Once it has finished parsing the xref information, gnatinspect displays an
interactive prompt, where a number of commands can be used to perform
queries. In a lot of cases, these commands take some file information as
argument (either just the file, or an entity name and the file in which it
is defined).

.. index:: projects; aggregate projects

The file names can be given as either a base name, or relative to the current
directory, or even a full name.  But file names are ambiguous (even when a full
path is specified) when aggregate projects are used. It is valid for a given
file to be part of multiple aggregate projects, and depending on the project we
are considering the result of the xref queries might vary).

To remove the ambiguity, it is possible to specify the project to which the
file belongs. The project is specified either as a project name (which itself
could be ambiguous with aggregate projects), or as a full path.

In all commands below, whenever the parameter specifies ":file", you can
use instead ":file:project" if there are ambiguities. It is also possible
not to specify the file, in which case the entity will be looked for in all
sources of the project.

Here is the full list of commands supported by gnatinspect:

* *decl name:file:line:column* is probably the most useful command. Given a
  reference to an entity, it will indicate where the entity is declared. The
  line and column informations are optional::

       >>> decl Func:file.adb:12
       Func:/some/path/file2.adb:20:9

* *body name:file:line:column* is similar to *decl*, but will return the
  location of the body of the entity. When the entity is an Ada private type,
  its body is in fact the location of the full declaration for that type.

* *refs name:file:line:column* displays all known references to the entity.

* *refs_overriding name:file:line:column* displays all known references to the
  entity or one of its overriding entities

* *doc name:file:line:column* will display documentation for the entity.
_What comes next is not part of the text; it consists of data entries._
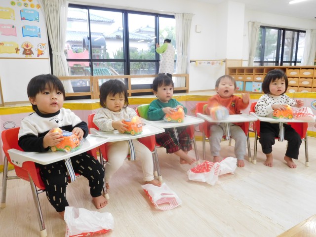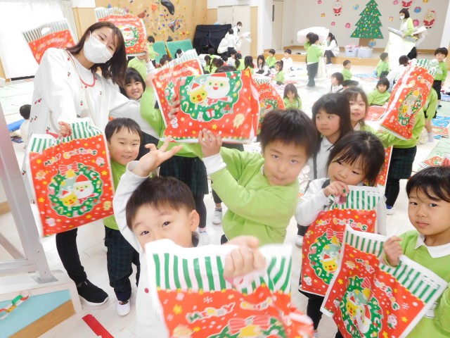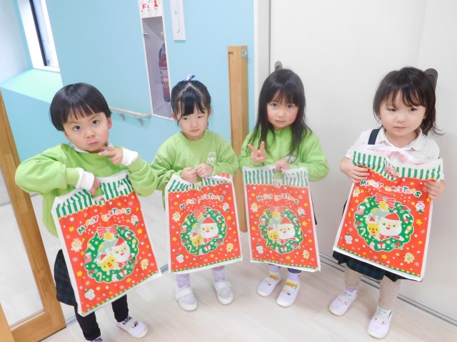 今日はサンタさんからのプレゼントを持ち帰ります。お家でもお話し聞いてみてくださいね!
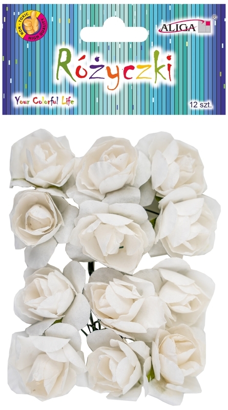 Różyczki na drucikach białe 7cm op. 12szt. PKW-7667, Aliga
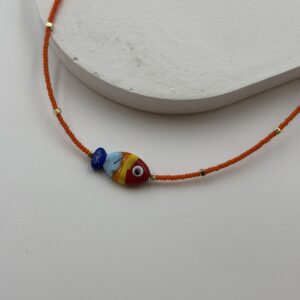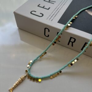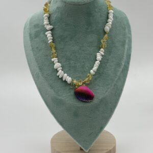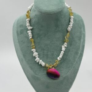 Beyaz ve Sarı Boncuklu Deniz Kabuklu Bohem Kolye
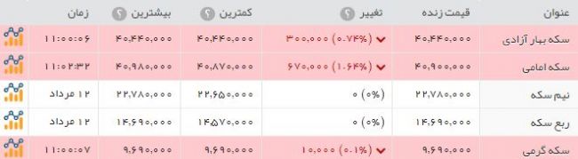 قیمت سکه و قیمت طلا در بازار امروز یکشنبه ۱۳ مرداد

The
  exact format for the entity might change in future versions of gnatinspect,
  but will in general include the type of entity, the location of its
  declaration, and any comment associated with it in the source code::

      >>> doc Func:file.adb
      procedure declared at /some/path/file2.adb:20:9

      And the comments written below Func in file2.adb

* *fields name:file:line:column* displays the fields of an Ada record type
  or a C struct::

      >>> fields Rec:file.ads:20
      A:/some/path/file.ads:21
      B:/some/path/file.ads:22

* *child_types name:file:line:column* lists all child types for this entity,
  for instance classes that inherit from the entity. This is the opposite of
  *parent_types*.

* *child_types_recursive name:file:line:column* is similar to *child_types*
  but will also list the child types of the children. This query can be used
  to find a whole tagged type hierarchy (or class hierarchy in C++).
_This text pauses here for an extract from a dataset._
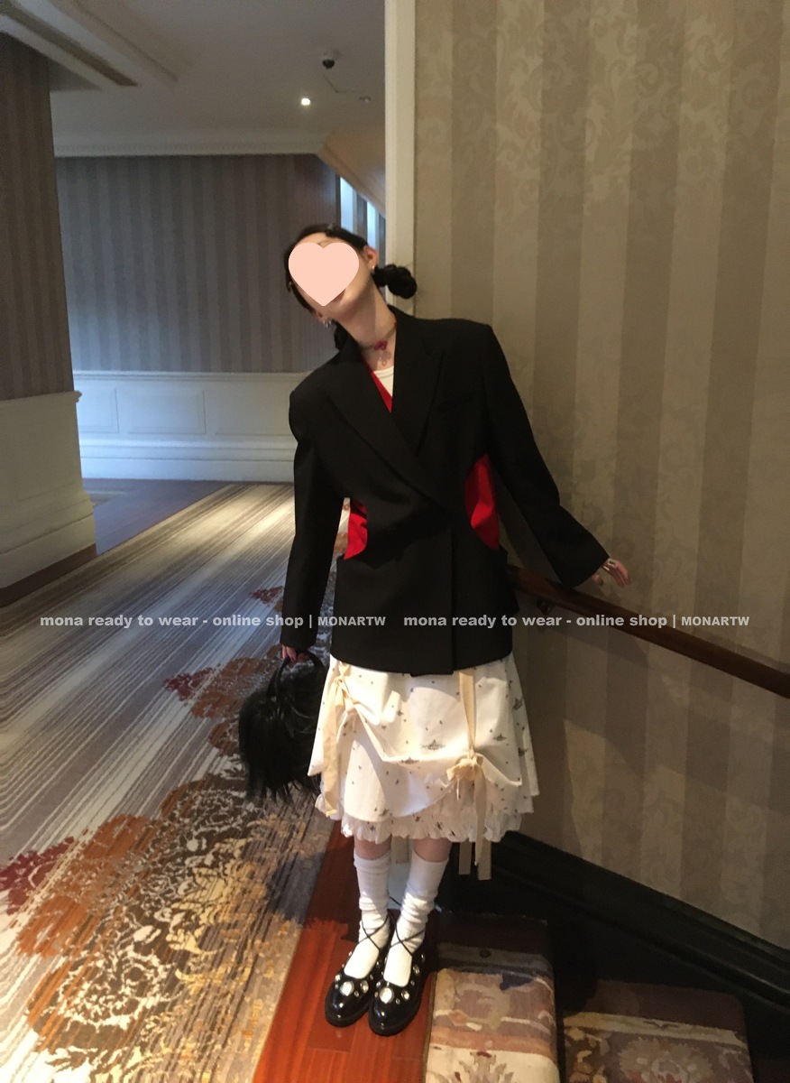 모나 독특하고 아름다운 패셔너블 캐주얼 정장 재킷과 미디 스커트 팬츠 투피스 세트 (여성, 소형)

* *parent_types name:file:lin:column* returns the parent types for the entity,
  for instance the classes or interfaces from which it derives. See also
  *child_types*.

* *methods name:file:line:column* returns the list of methods (or primitive
  operations) for the entity.

* *method_of name:file:line:column* returns the class or tagged type for
  which the entity is a method.

* *calls name:file:line:column* lists all entities called by the entity. This
  includes all entities defined within the scope of the entity (so for a
  subprogram this will be the list of local variables, but for a package
  this includes all subprograms and nested packages defined within that
  package).

* *callers name:file:line:column* lists all entities that call the entity. This
  information is also available from a call to 'refs', but 'callers' return the
  callers directly, instead of references to the original entity.

* *overrides name:file:line:column* returns the entity that is overridden by
  the entity (generally a method from a parent class).

* *overridden name:file:line:column* returns the list of entities that override
  the parameter (generally methods from children classes).

* *overridden_recursive name:file:line:column* returns the list of entities
  that override the parameter (generally methods from children classes). This is
  recursive.

* *type name:file:line:column* returns the type of the entity (variable or
  constant). For an enumeration literal, this returns the corresponding
  enumeration.

* *component name:file:line:column* returns the component type of the entity
  (for arrays for instance).

* *literals name:file:line:column* returns the valid literal values for an
  enumeration.

* *pointed name:file:line:column* returns the type pointed to by the entity.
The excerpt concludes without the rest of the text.